Wednesday Wi-Fi Whispers: DAS, but no Wi-Fi, for Niners at Candlestick

There’s already buzz building in Silicon Valley for the new Niners stadium being constructed in Santa Clara, as the team is already out front saying the facility will be an example of how to do stadium technology right.

Unfortunately for Niners fans, the next two home seasons will still be played in San Francisco’s Candlestick Park, which has historically been one of the worst places to try to get a cellular signal. Though a new Distributed Antenna System (DAS) deployment should help matters some this season, there is no stadium-wide Wi-Fi in the cards, a bit of a bummer since the team’s new game-day app features lots of video — which you need Wi-Fi to watch.
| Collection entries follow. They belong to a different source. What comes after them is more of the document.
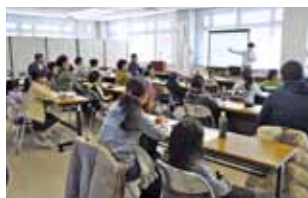
ちびっこ育成セミナー

今年度は、部員の持つスキルを活用して「産業体験ワークショップ」を企画しています。子どもたちに地域の産業に触れてもらうことで、ものづくりの面白さを伝えていければと考えています。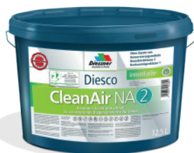
CleanAir NA 2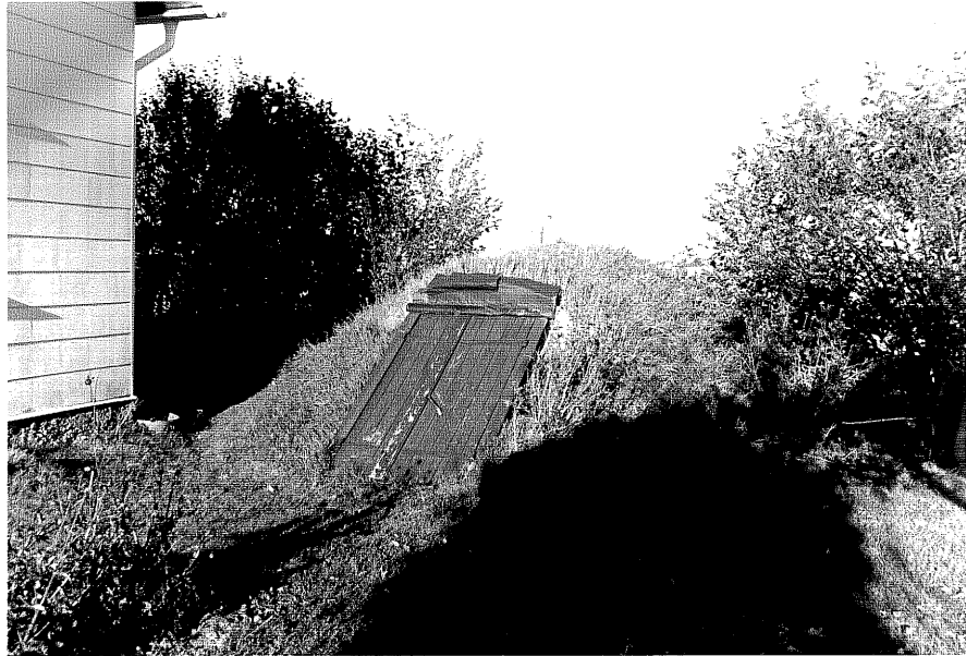
Neg.nr ÖKM 11:32 Jordkällare från SV Byggnad c

Ödeshögs kommun Västra Tollstad socken Västra Tollstad Prästgård 1:1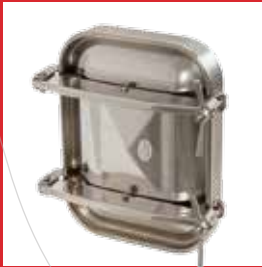
Boca rectangular (400 x 530 mm) Boca rectangular (430 x 730 mm)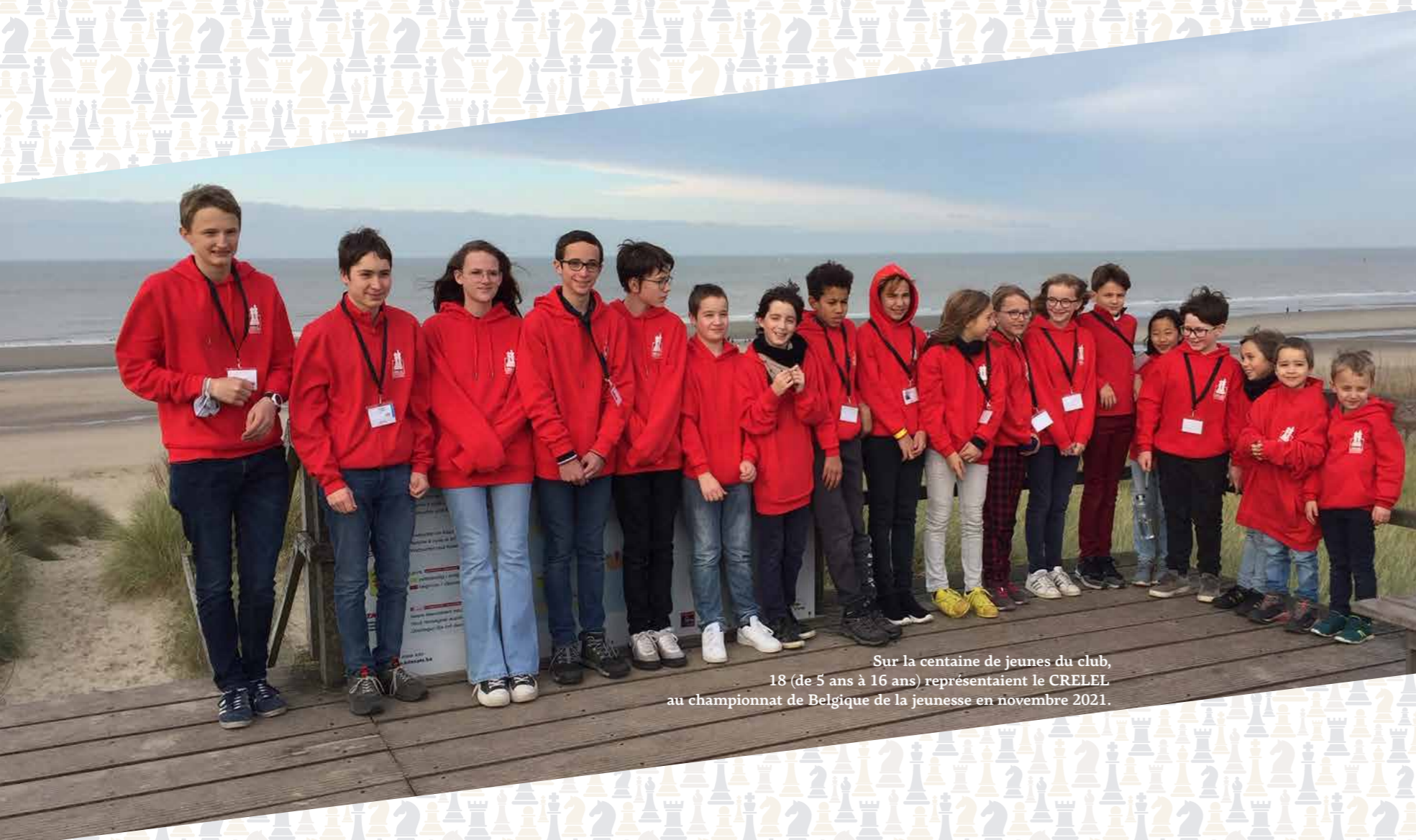
Sur la centaine de jeunes du club, 18 (de 5 ans à 16 ans) représentaient le CRELEL au championnat de Belgique de la jeunesse en novembre 2021.

pour l'organisation du championnat francophone de la jeunesse en mars 2022.

With an edict from the commish Roger Goodell to put Wi-Fi into every stadium, teams across the league are moving quickly to figure out how to get that done (see the second part of this post about Carolina’s new spiffy network). Caught in the middle of this deployment strategy is Candlestick, which has to be one of the worst geographic locations for wireless traffic. Not only is the stadium hidden by a small hill directly to the west (which can block signals from nearby cell towers), it is surrounded on its three other sides by the San Francisco Bay — in case you weren’t aware, wide open spaces of water also play havoc with wireless signals, and you don’t see too many antenna towers floating around.

The historically terrible cellular situation at Candlestick was brought even more to light by last year’s “blackout” game, a Monday night tilt against the Steelers that saw the stadium lose power not once but twice. Though we didn’t hear any reports of fan panic (no shaking) we did hear from a lot of folks about how nobody knew what was going on because nobody could get a cell signal to check Twitter.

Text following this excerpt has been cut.